In an implementation scenario, the flow of model training based on the integrated server is as follows:

1. data preparation stage: a training dataset and model parameters are prepared. The training data set may be acquired from the local or cloud, and the model parameters may be loaded from the local or cloud.

2. Model parallel stage: the model parameters are divided into a plurality of parts and the parts are distributed to different computing units for processing. Each computing unit independently calculates the gradient of the model parameter and sends the gradient to the other computing units.

3. Data parallel stage: at this stage, the training data set is divided into a plurality of parts and the parts are distributed to different computing units for processing. Each computing unit independently calculates the gradient of the training data and sends the gradient to the other computing units.

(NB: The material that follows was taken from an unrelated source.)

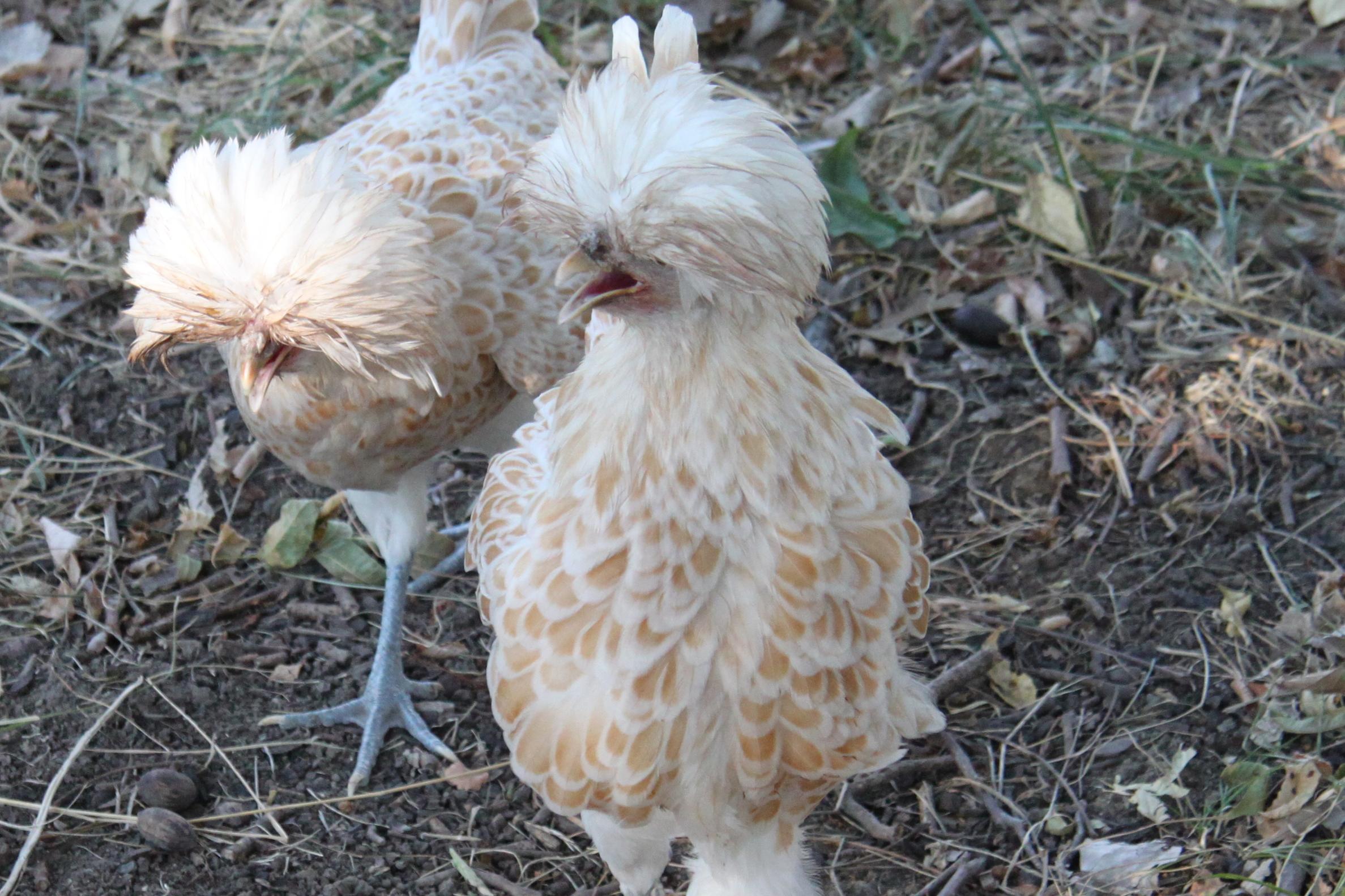 Yeah, we hear Phyllis Diller comments a lot when we first introduce folks to our chickens. Here's Chicky Gaga and Bubbles.

According to the integrated calculation network server provided by the embodiment, the server is not provided with an independent CPU, but a plurality of calculation units with shared memory and complete graphics are connected with a high-speed exchange backboard through communication interfaces, so that the calculation architecture of the traditional server which takes the CPU as a center is changed, and the data communication of all calculation units which are directly connected in a peer-to-peer mode based on the ROCE protocol is realized. In addition, the communication between the computing units is not carried out by adopting a PCIE bus, but is carried out by accessing a lossless exchange backboard through a high-speed interface, so that the communication bandwidth between the computing units is obviously improved, and the communication efficiency between the communication units is further improved; meanwhile, because the Ethernet protocol is widely adopted, the construction cost of the equipment can be obviously reduced.

According to an embodiment of the present invention, there is provided a data transmission method embodiment, it being noted that the steps shown in the flowcharts of the drawings may be performed in a computer system such as a set of computer executable instructions, and that although a logical order is shown in the flowcharts, in some cases the steps shown or described may be performed in an order different from that herein.

In this embodiment, a data transmission method is provided, which may be used in the server described above, and fig. 3 is a flowchart of a data transmission method according to an embodiment of the present invention, as shown in fig. 3, where the flowchart includes the following steps:

step S301, a packet sent by the first computing unit is received.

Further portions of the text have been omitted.